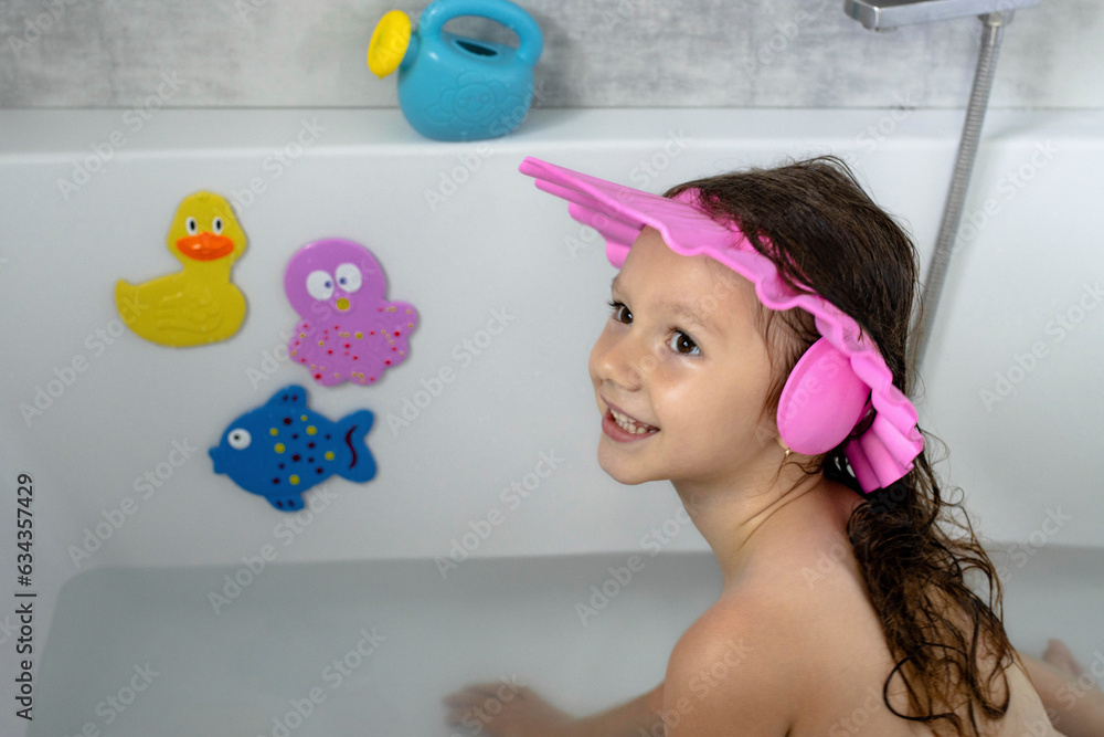Fototapeta A little smiling girl of European appearance with a funny bathing hat sits in the bathroom with toys
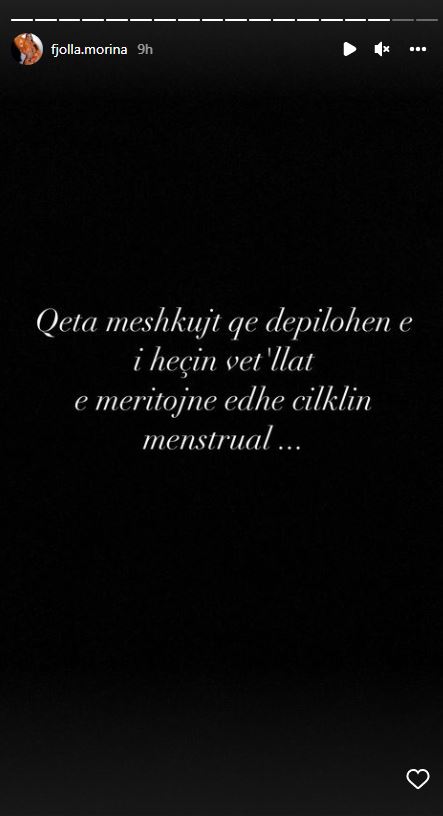“Problemi kryesor është se: Ai që duhet të flasi nuk flet, ndërsa ai që duhet ta mbylli gojën flet”– shkroi këngëtarja ku menjeherë ka ardhur dhe postimi tjetër teksa thumbon meshkujt që depilohen:
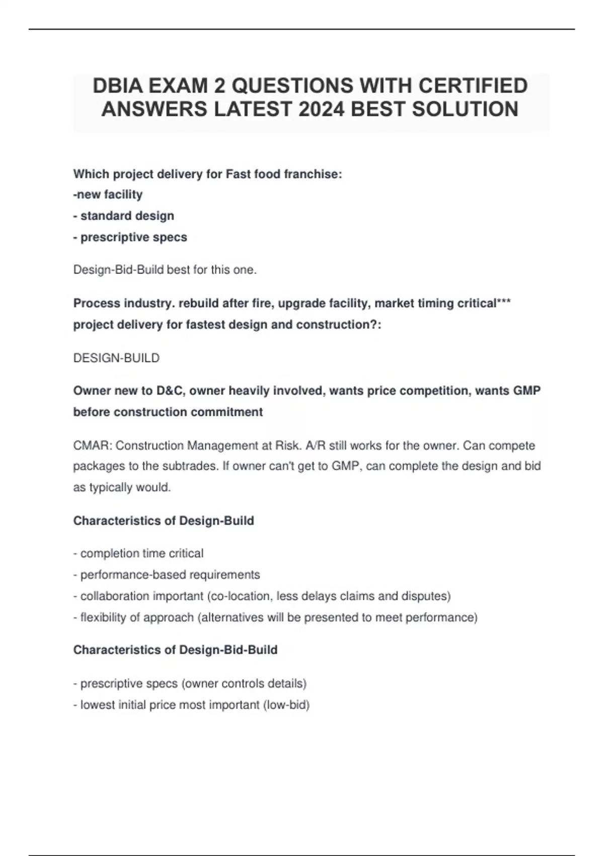 DBIA EXAM 2 QUESTIONS WITH CERTIFIED ANSWERS LATEST 2024 BEST SOLUTION.
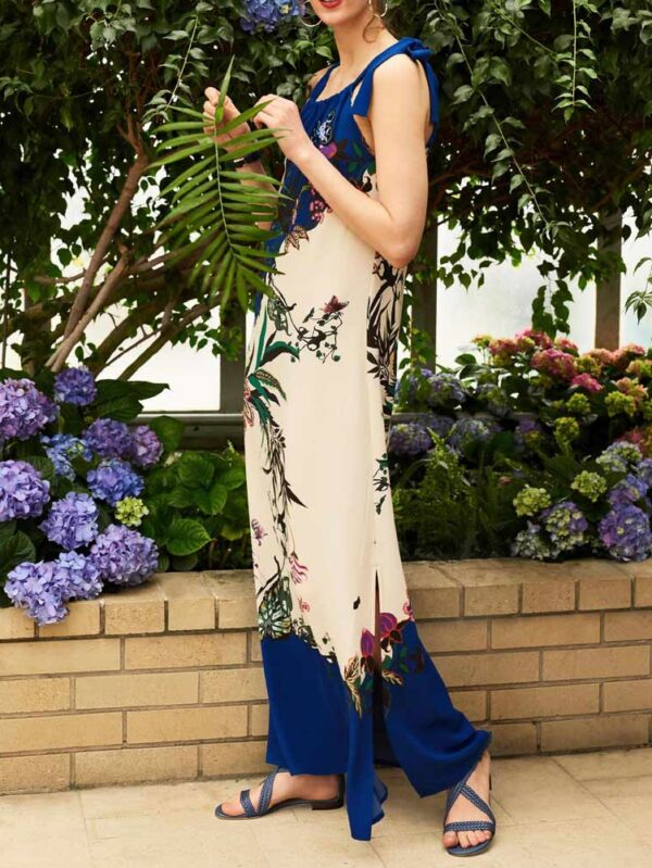 Maxi šaty s potlačou, modro-ecru
☆ ☆ ☆
** TASK TO COMPLETE **
Print the data again, word for word, without any pictures.

** OUTPUT FOR THIS EXERCISE **
Fototapeta A little smiling girl of European appearance with a funny bathing hat sits in the bathroom with toys
“Problemi kryesor është se: Ai që duhet të flasi nuk flet, ndërsa ai që duhet ta mbylli gojën flet”– shkroi këngëtarja ku menjeherë ka ardhur dhe postimi tjetër teksa thumbon meshkujt që depilohen:
 DBIA EXAM 2 QUESTIONS WITH CERTIFIED ANSWERS LATEST 2024 BEST SOLUTION.
 Maxi šaty s potlačou, modro-ecru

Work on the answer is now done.